House Democrats in mid- May narrowly passed a $3 trillion, 1,800-page stimulus measure that promptly received a chilly reception in the Republican-controlled Senate and a veto threat from President Trump.

Cole opposed the measure because of several of its proposals, including:

• $3.6 billion to effectively federalize elections, authorize same-day voter registration and nationwide vote-by-mail. “This would be an incredible federal intrusion into the election system that is operated not by the federal government but by the states,” Cole said.

• allowing prisoners over 50 in the federal system to be released.

• providing benefit checks to individuals who have entered the U.S. illegally.

• bailing out multi-employer pension plans.

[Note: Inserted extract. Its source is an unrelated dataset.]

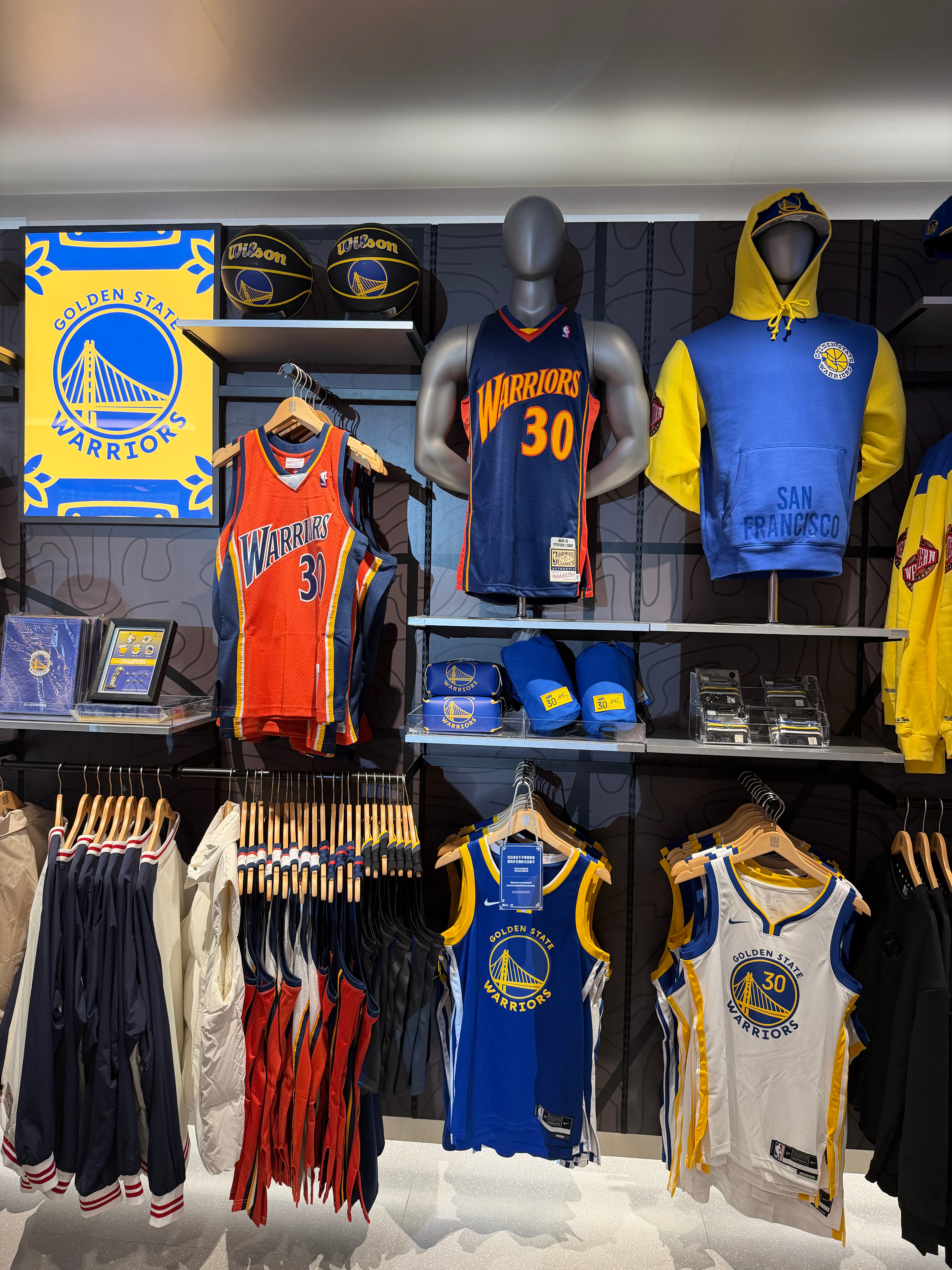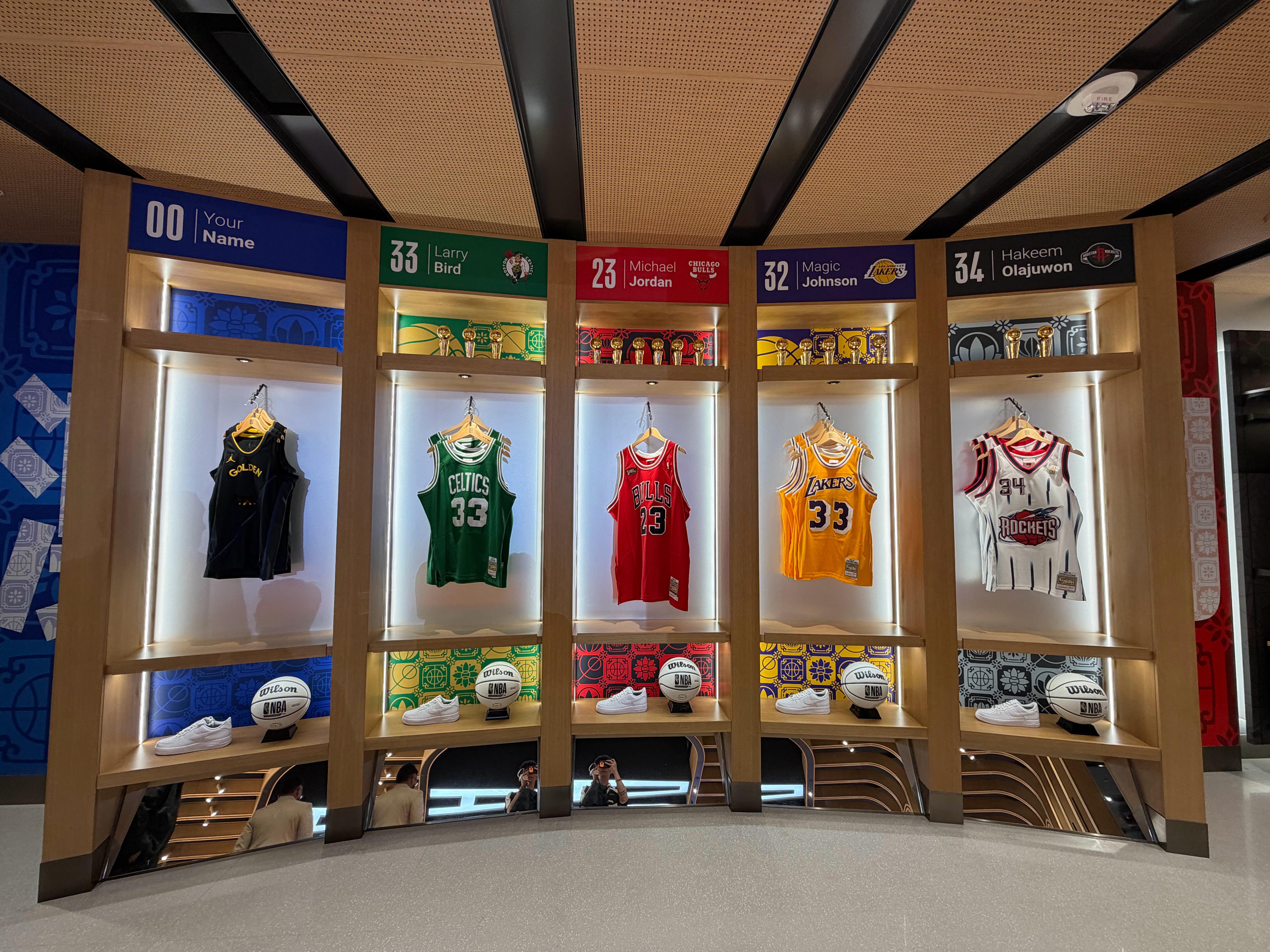 其实这几天已经逛了好几次了,品类非常丰富,经典球衣和新球衣,一些小玩意儿,我那件曾凡博就是在这买的,据说今天还在排长队,还有很多展示区,适合打卡,总冠军奖杯纯金篮球都去拍一拍,体验区运动一下。

• state and local tax breaks (SALT).

• providing $25 billion to the U.S. Postal Service without requiring any reforms to their operations.

“While I remain supportive of our letter carriers and operators who serve all of our communities, including in rural America, the reality is that the U.S. Postal Service continues to operate at a loss,” Cole said. “Not only is this unsustainable, but it’s a sign that the current business model clearly isn’t working. Absent reforms and changes to operations, no amount of money thrown at the problem will ever be the solution.”

MORE STIMULUS AID IS A POSSIBILITY

Although the House Democrats’ bill was probably DOA in the Senate, another stimulus measure is not entirely out of the question, for several reasons.

For one, approximately 40 million Americans have filed for unemployment benefits. That level of economic disruption hasn’t been experienced in the United States since the Great Depression of the 1930s.

A survey in late April from OnePoll of approximately 2,000 people found that 82% want monthly stimulus payments. And a Fortune/ SurveyMonkey poll from late May showed that 54% of adults support another round of stimulus payouts.

The reason Americans are likely to get a second stimulus check “is because the first one simply didn’t do enough,” The Motley Fool wrote in a June 6 article.

According to a Money/ Morning Consult survey on April 22, almost three-quarters of the 2,200 respondents reported they had already spent their stimulus money, or intended to spend their stimulus payout in four weeks or less.

Expansion of the unemployment benefits program is putting an extra $600 a week into the pockets of many Americans – but that is scheduled to end July 31.

Even though states are reopening in phases, it’s not going to be business as usual for quite awhile. For example, unemployment rates are still in double digits, eviction notices were filed in courthouses across this state last week, and moratoriums on foreclosures will expire soon.

And finally, this is a presidential election year.

In a televised message May 22, Cole said, “I fully expect there will be another coronavirus supplemental appropriations bill ... that will be a lot more thoughtful ... and that will help us reopen the economy in a smart and effective way.”